**WORK TASK:** Once the line holding "July 13-16 2026" appears, repeat it and each line after it to the end of the data, exactly and with nothing else; pictures stay out.

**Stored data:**
((

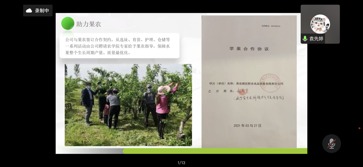 2022年11月16日中午13:30至14:30,金沙9001cc以诚为本首页“挑战杯”创新创业系列讲座以腾讯会议线上形式进行。本次讲座邀请贵州财经大学外语学院日语系主任袁先婷副教授作了题为“挑战杯大学生创业计划竞赛案例分享——果然好助创一体水果产业链”的讲座。讲座由金沙9001cc以诚为本首页刘岩博士主持,金沙官网100余名师生聆听了讲座。
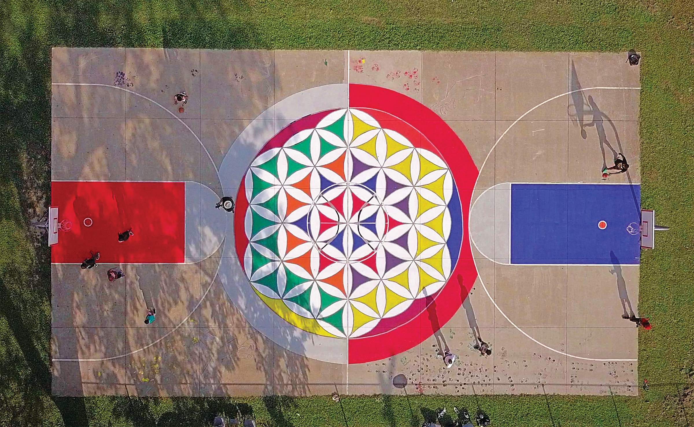Foot traffic on the Tepe Park basketball court along South Garvin Street bustles as neighborhood residents have all been drawn to the vibrant, full-court mural of the geometric symbol the Flower of Life. The Evansville natives behind the colorful painting — Corderro Stith, Merrick Korach, and Austin Maxheimer — say creating an enhanced community space was the goal all along.
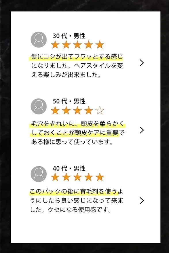 本製品は、頭皮を優しくいたわり、髪を元気にする為の頭皮パックとして開発致しました。
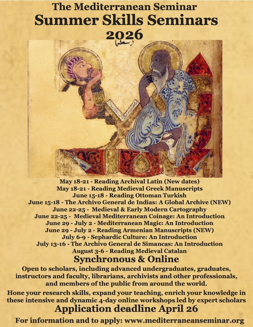 July 13-16 2026 - The Archivo General de Simancas: An Introduction<https://urldefense.com/v3/__https://mediterraneanseminar.squarespace.com/welcome-archivo-general-de-simancas-2026__;!!C5qS4YX3!Ehk8kRRbcG1gqI2M1LSyUAt0X_PXKBXeOfp89HwnR3BnVHBBSA_DdHDdagtlMVOx0BYkZKco2SQKxRjqVDJ-1C70RoM$>
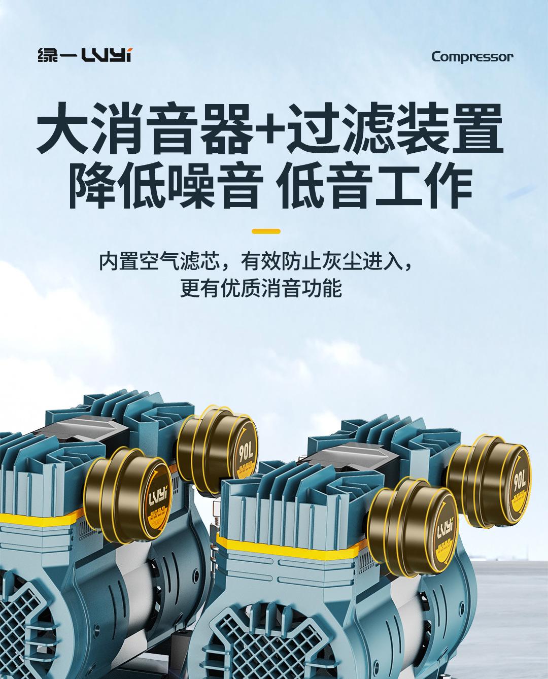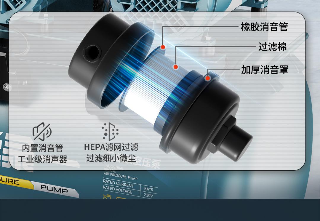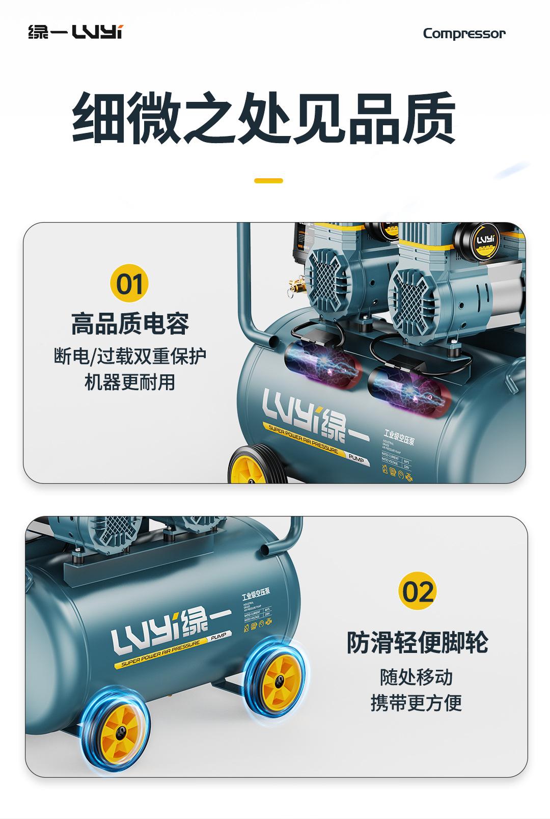 Compresor de aire sin aceite, bomba de aire silenciosa, compresor de aire de grado industrial, pequeño, 220 V, portátil, para carpintería, bomba de aire de alta presión
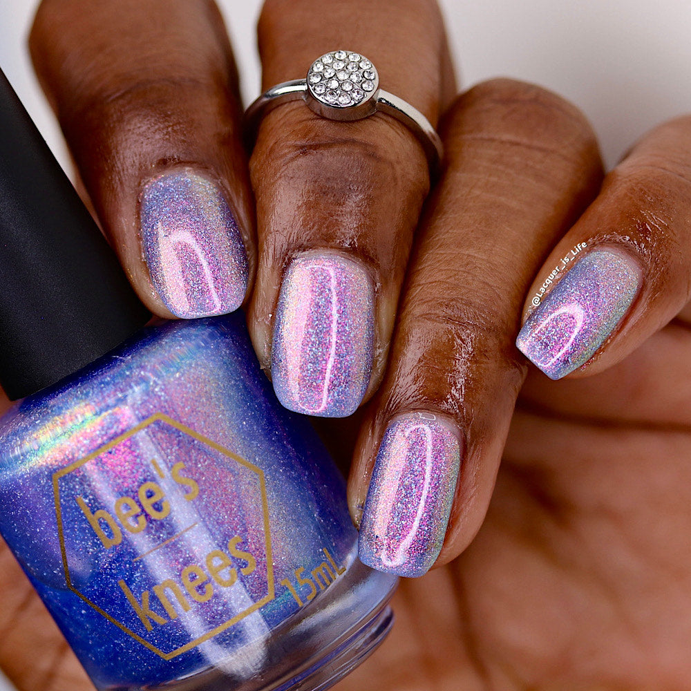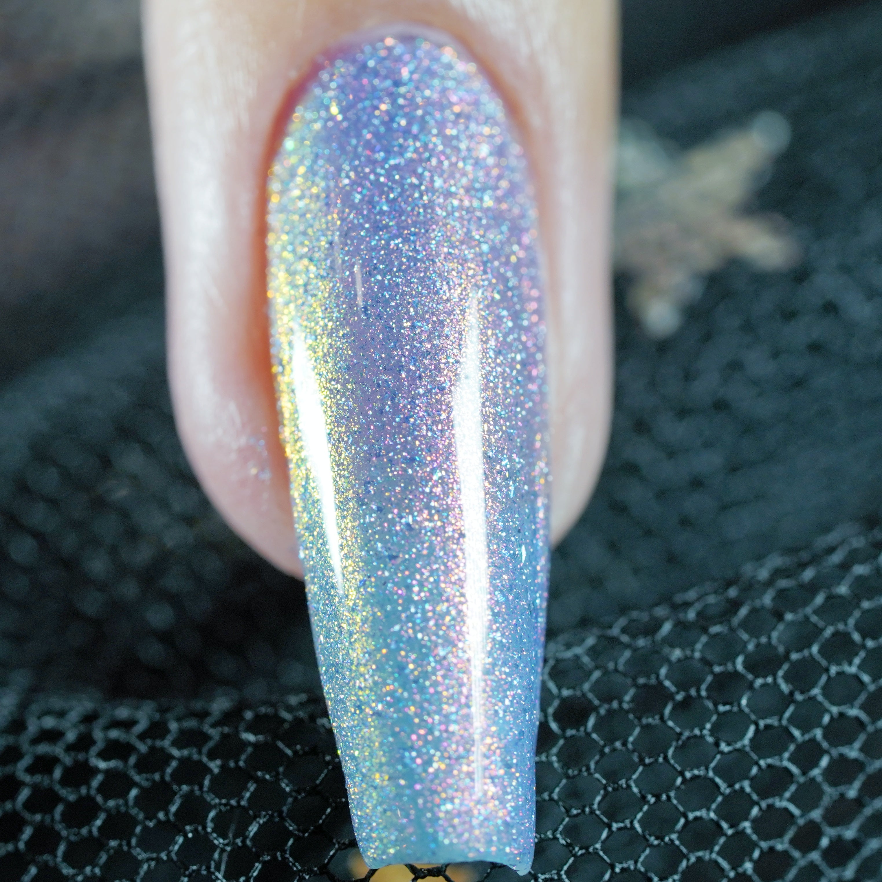 a soft periwinkle blue with pink to green shimmer and holo flakes
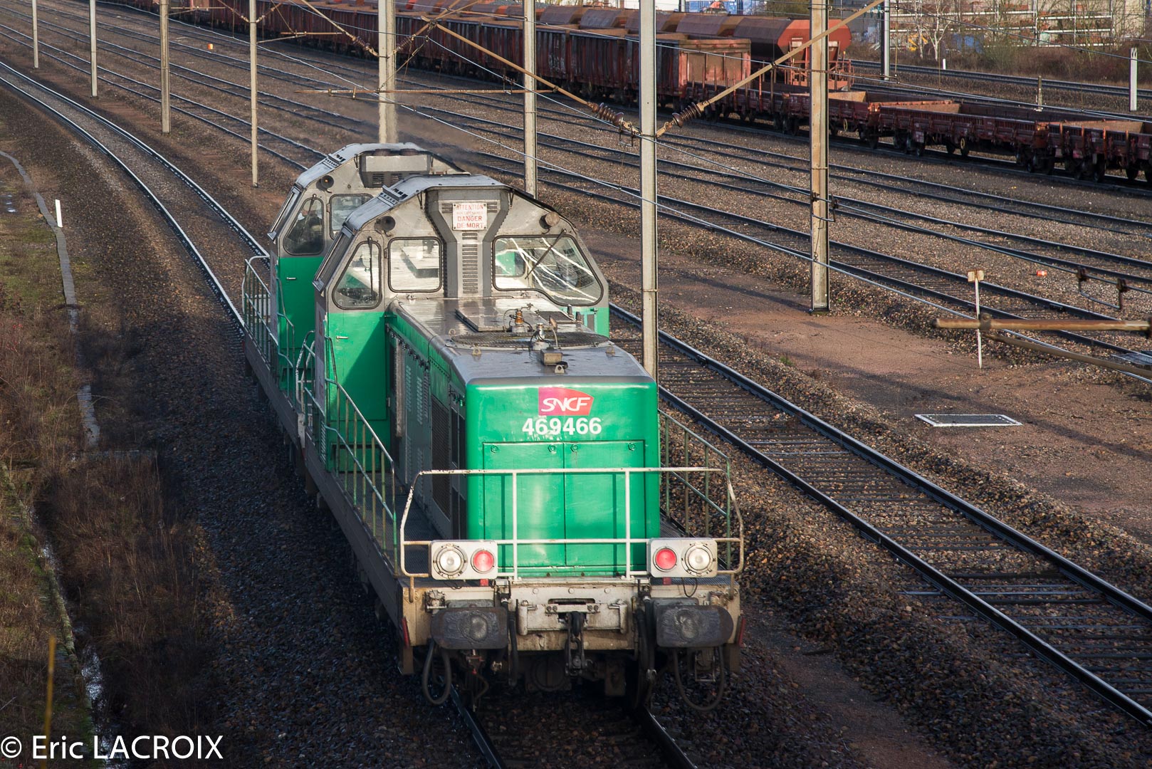 Voici la 469466 (ex 66466) Infra avec le logo en livrée Fret en queue sur un TM de trois machines pour le dépôt
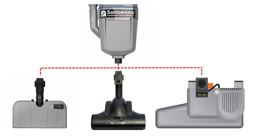L'ampia gamma di bocche d'aspirazione consente di trovare la soluzione ideale per qualsiasi tipo di pavimentazione, sia di moquette sia di pavimento duro.

))

**EXERCISE RESPONSE:**
 July 13-16 2026 - The Archivo General de Simancas: An Introduction<https://urldefense.com/v3/__https://mediterraneanseminar.squarespace.com/welcome-archivo-general-de-simancas-2026__;!!C5qS4YX3!Ehk8kRRbcG1gqI2M1LSyUAt0X_PXKBXeOfp89HwnR3BnVHBBSA_DdHDdagtlMVOx0BYkZKco2SQKxRjqVDJ-1C70RoM$>
 Compresor de aire sin aceite, bomba de aire silenciosa, compresor de aire de grado industrial, pequeño, 220 V, portátil, para carpintería, bomba de aire de alta presión
 a soft periwinkle blue with pink to green shimmer and holo flakes
 Voici la 469466 (ex 66466) Infra avec le logo en livrée Fret en queue sur un TM de trois machines pour le dépôt
L'ampia gamma di bocche d'aspirazione consente di trovare la soluzione ideale per qualsiasi tipo di pavimentazione, sia di moquette sia di pavimento duro.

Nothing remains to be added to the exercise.